Each conversation should feel like a friendly chat, not an interrogation. The goal is understanding their story, not validating your assumptions.
When a beverage brand discovered their customers weren't buying "energy drinks" but "afternoon focus boosters," their entire positioning strategy shifted — and sales doubled within six months.
Measuring Success
Track conversation insights against business metrics. Connect rates should hit 30-40% if you're calling real customers with a human approach. Below 20% means your script sounds too corporate.
Monitor language-driven improvements: ad copy using customer words, product descriptions that address real concerns, email campaigns that speak to actual motivations. Brands implementing customer language typically see 27% higher AOV and LTV within 90 days.
Cart recovery calls are especially powerful for food brands. When someone abandons a cart full of specialty items, a quick call often reveals simple questions about storage, preparation, or dietary concerns. We consistently see 55% cart recovery rates versus 15-20% for email sequences.
The ultimate metric is growth rate consistency. Brands building strategy on real customer insights grow more predictably because they're solving actual problems, not imagined ones.
Frequently Asked Questions
How many customers do we need to call for reliable insights? Start with 150 conversations across your three key segments (churned, non-buyers, loyal customers). Patterns typically emerge after 30-50 conversations per segment.

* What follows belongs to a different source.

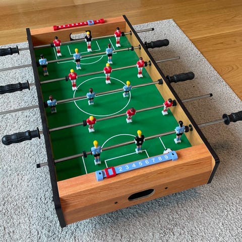 Bordsfotbollsspel i trä med poängräknare

What if customers don't want to talk? With the right approach, most customers are happy to share feedback. Lead with curiosity, not sales. "We're trying to understand how to serve customers better" works far better than "We'd love your feedback."
Can we do this ourselves or do we need external help? Internal teams often struggle with confirmation bias and leading questions. External customer intelligence specialists bring objectivity and proven conversation frameworks that reveal insights internal teams miss.
How often should we be calling customers? Successful brands make customer conversations ongoing, not one-time projects. Monthly conversation cycles keep insights fresh and strategy aligned with evolving customer needs.